Do gentlemen tell me that here is a contradiction? Why, Sir, take the general principle in its abstract form; and you might argue from it till you bring us at length to universal suffrage. But take the naked principle, and view it in connection with the Constitution, and there you find, that freeholders, and freeholders only, were in the contemplation of those who laid down the principle. The one gives the interpretation of the other. The general principle, is in the Bill of Rights. The limitation is in the Constitution. The same remark is true, as applied to every other article. Let us apply the same mode of interpretation to the third article of the Bill of Rights.

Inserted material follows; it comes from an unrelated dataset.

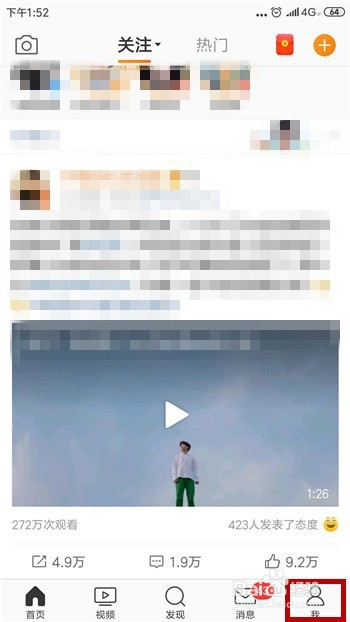 设置好权限后就可以打开手机的微博,在首页里点击右下角的【我】选项。
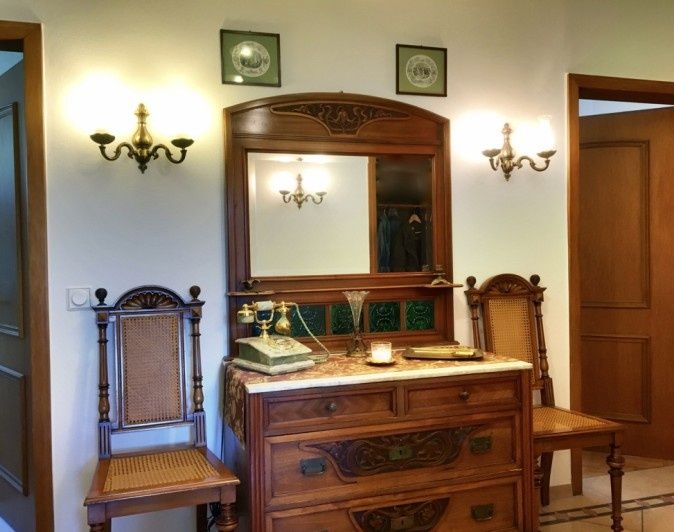 Das Erdgeschoß und der 1. Stock sind im Stil der alten Zeit eingerichtet. Fühlen Sie den Geist der Jahrhundertwende, ohne auf die Annehmlichkeiten der modernen Welt verzichten zu müssen. Da uns unablässig etwas einfällt, was Ihren Aufenthalt angenehmer macht, unterliegt das Haus und Grundstück einem ständigen Wandel.

The gentlemen say that all free white citizens in the State, are to be numbered, and that a majority of that number have the right to rescind, alter or new model the Constitution as they please; that they are to have the law-making power; in short, that they are to have all the power of the State: and we might have supposed that the framers of the Bill of Rights thought so too, had they not left on record a provision to the contrary. When they come to make the Constitution and ordain the law-making power, they limit the general principle laid down in the third article of the Bill of Rights, and confide that power, not to the free white people, but to the freeholders in the several counties.

Here, Sir, you find that they intended, not a majority of the free white male citizens merely, but a majority of citizens, capable of affording sufficient pledges that they would not abuse the authority entrusted to them. This is the majority to which they looked, and here is the limitation of the principle in the Bill of Rights. Let the gentlemen themselves say, if this comparison does not give the true interpre

tation.

It was said by the gentleman from Brooke, (Mr. Doddridge) that the Constitution has recognized no principle, by which slave-holders are to be protected.

[Here Mr. Doddridge explained. What he had said was, that the Constitution recognizes no such principle, as representation in virtue of property.]

Mr. Morris resumed. He had not misunderstood the gentleman; but would now undertake to shew that he was mistaken. It is true, said he, that the word "slave," is not mentioned either in the Bill of Rights or in the Constitution: neither do we ask that it should be inserted now. But when, in 1776, Virginia gave the control of her Government to freeholders, she granted it to slave-holders: nor could she have given to the latter a more effectual guarantee. The freeholder was himself a slaveholder. Was it necessary, expressly to say, that this was done for the protection of property? Sir, we infer it from the act. Virginia by her act, granted the power of the State, to men who held the very property, we desire to secure. And now let the gentleman from Brooke, give to the slave-holders the same power which was confided to them by the Constitution of '76, and so far as this subject is concerned, I am willing to adopt his proposition immediately.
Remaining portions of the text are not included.